● **INSTRUCTIONS TO FOLLOW**:
Work through the listing below and give again exactly the lines from the one with "Schoffel Greenwich Double" to the one with "15. siga apretando", both ends included. All other lines and all pictures stay out.

● **RECORDS**:
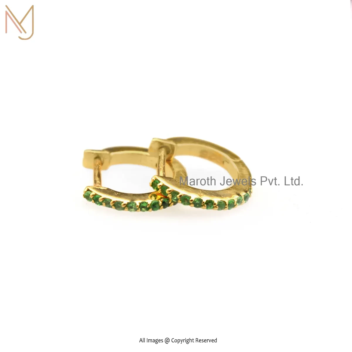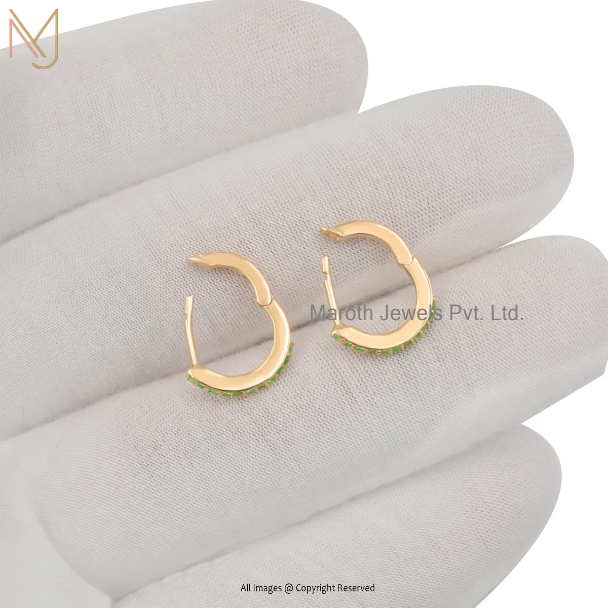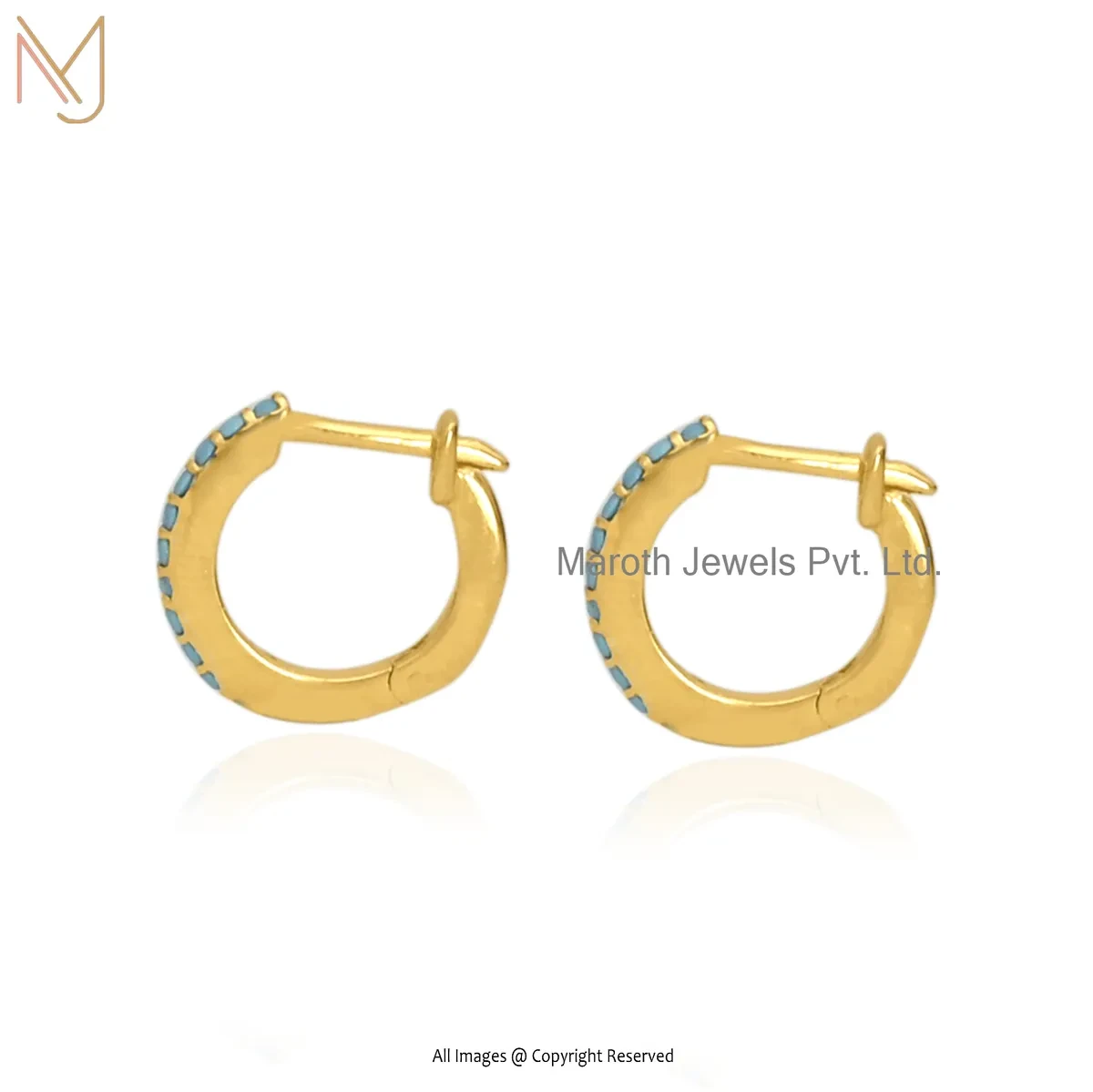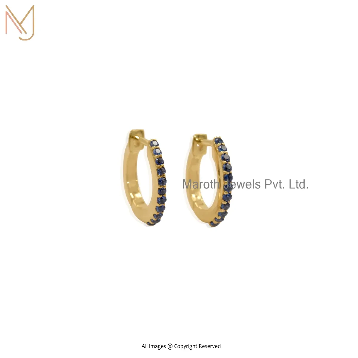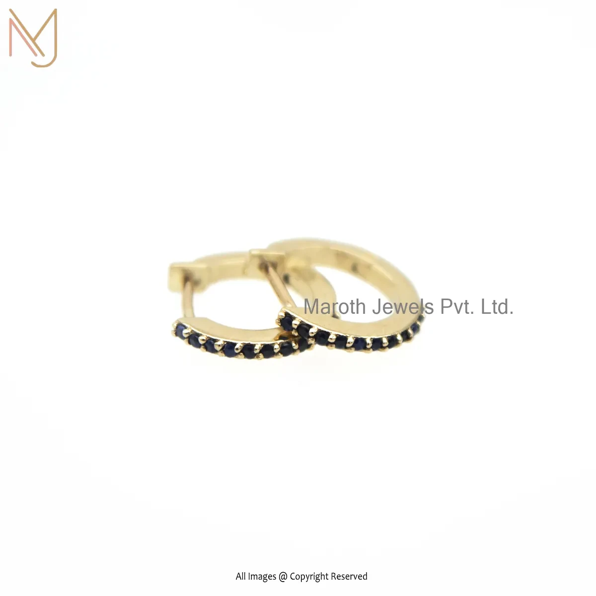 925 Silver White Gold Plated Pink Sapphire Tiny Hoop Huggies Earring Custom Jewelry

* * *

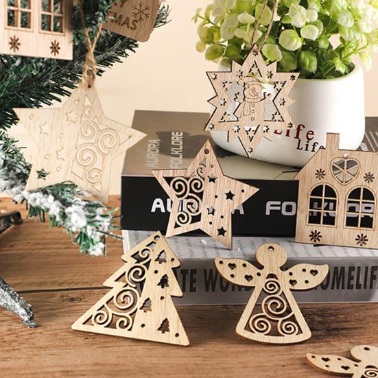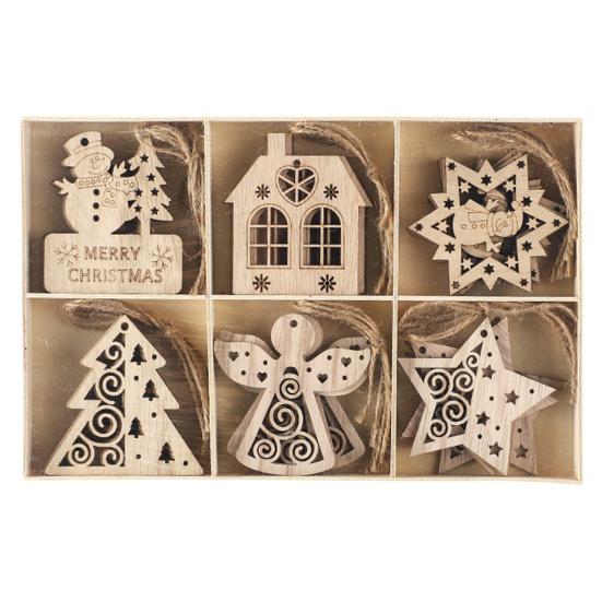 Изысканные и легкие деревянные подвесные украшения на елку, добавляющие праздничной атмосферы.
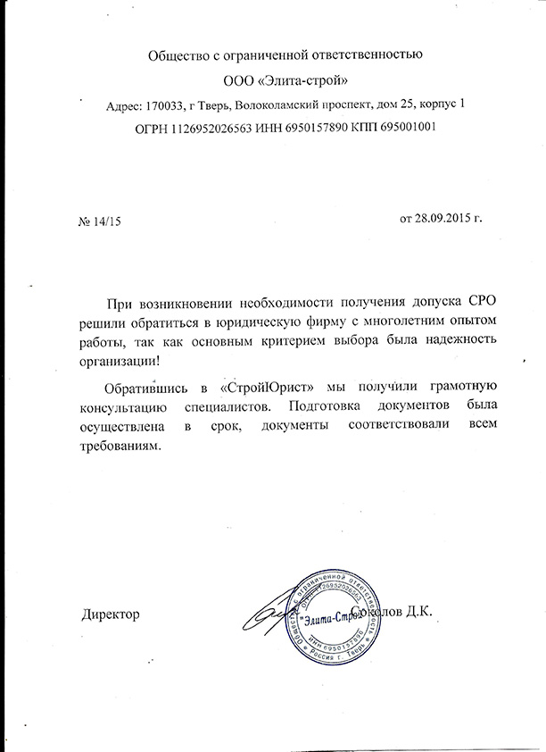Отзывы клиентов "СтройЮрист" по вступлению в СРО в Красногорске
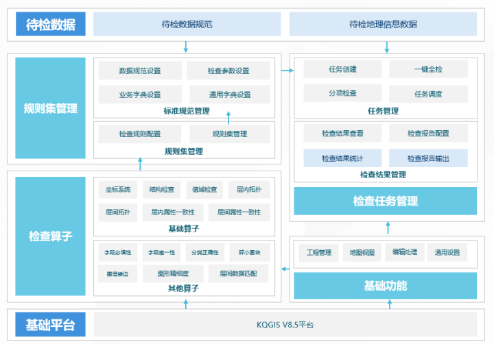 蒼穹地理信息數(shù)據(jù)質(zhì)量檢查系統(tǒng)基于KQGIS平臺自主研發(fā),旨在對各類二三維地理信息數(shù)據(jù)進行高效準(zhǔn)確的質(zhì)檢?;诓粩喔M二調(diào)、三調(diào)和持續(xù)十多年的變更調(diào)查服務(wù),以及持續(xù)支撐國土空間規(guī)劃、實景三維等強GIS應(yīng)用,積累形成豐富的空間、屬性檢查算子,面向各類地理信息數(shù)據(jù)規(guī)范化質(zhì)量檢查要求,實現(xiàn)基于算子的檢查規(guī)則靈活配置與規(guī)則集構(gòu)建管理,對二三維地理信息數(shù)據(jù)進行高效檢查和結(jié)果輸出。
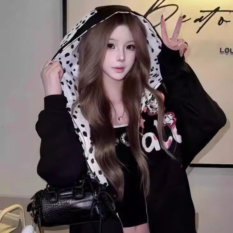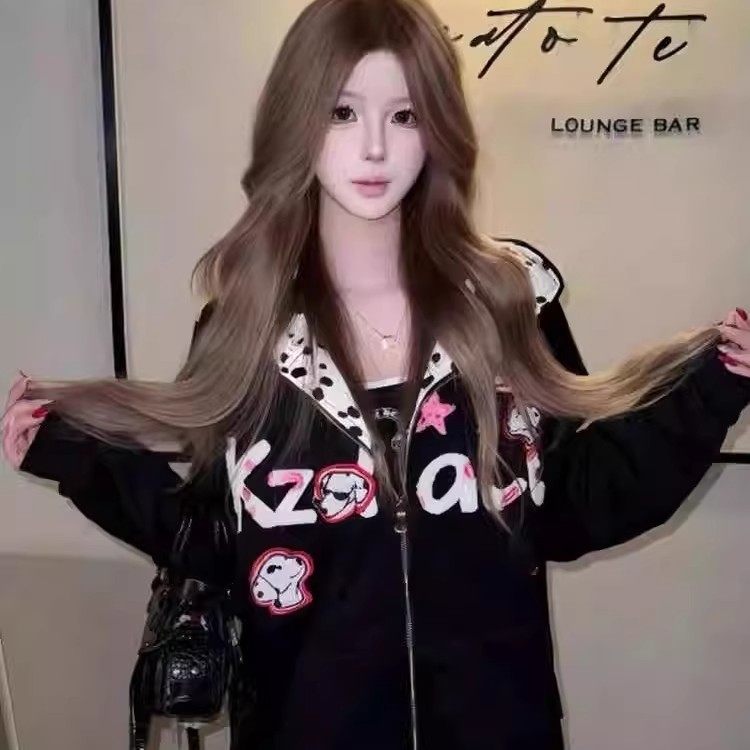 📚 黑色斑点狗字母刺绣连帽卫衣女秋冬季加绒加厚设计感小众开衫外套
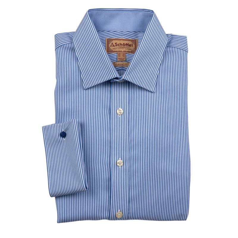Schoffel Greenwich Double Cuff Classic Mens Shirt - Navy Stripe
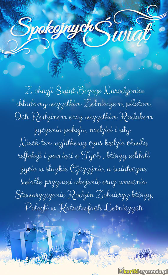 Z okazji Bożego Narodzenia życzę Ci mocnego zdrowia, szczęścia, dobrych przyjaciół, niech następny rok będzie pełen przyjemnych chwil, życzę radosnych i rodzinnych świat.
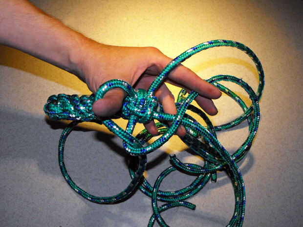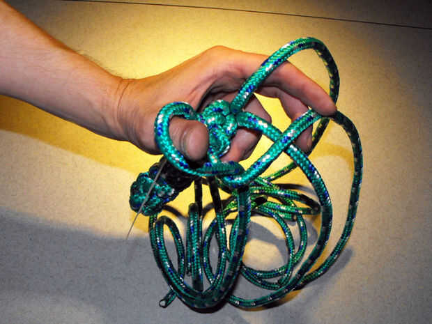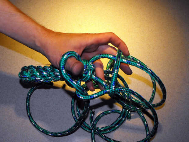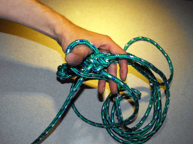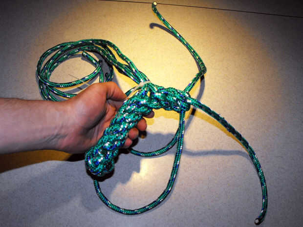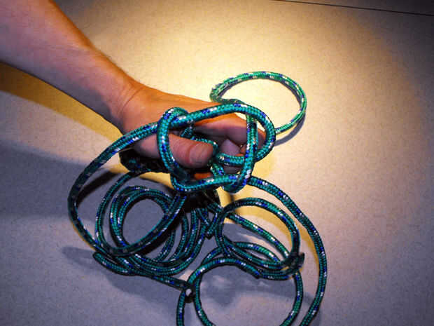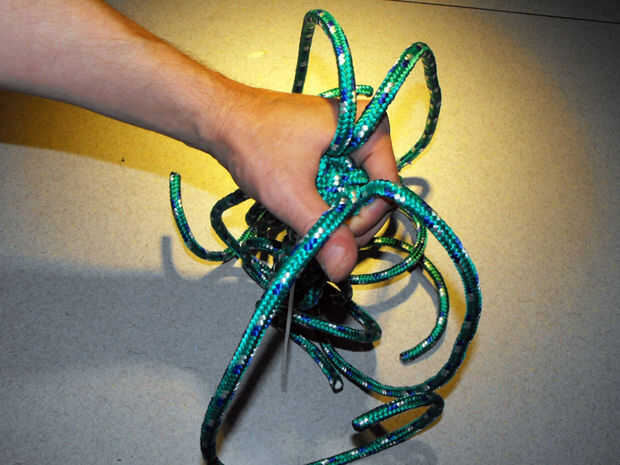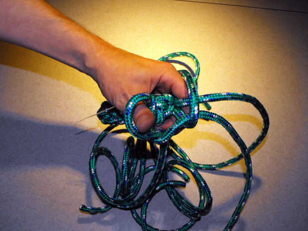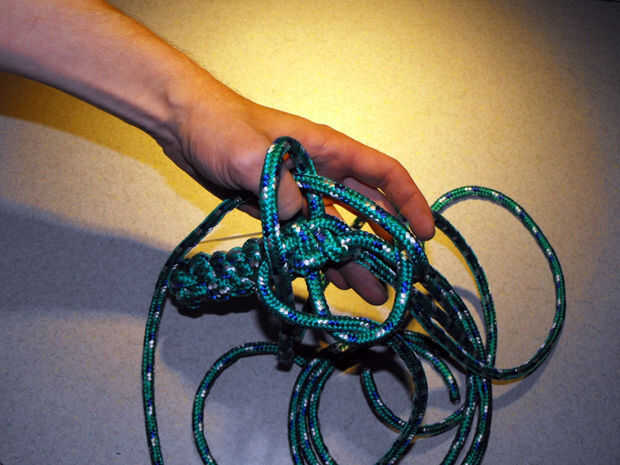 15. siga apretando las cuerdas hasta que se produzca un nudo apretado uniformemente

● **THE ANSWER**:
Schoffel Greenwich Double Cuff Classic Mens Shirt - Navy Stripe
 Z okazji Bożego Narodzenia życzę Ci mocnego zdrowia, szczęścia, dobrych przyjaciół, niech następny rok będzie pełen przyjemnych chwil, życzę radosnych i rodzinnych świat.
 15. siga apretando las cuerdas hasta que se produzca un nudo apretado uniformemente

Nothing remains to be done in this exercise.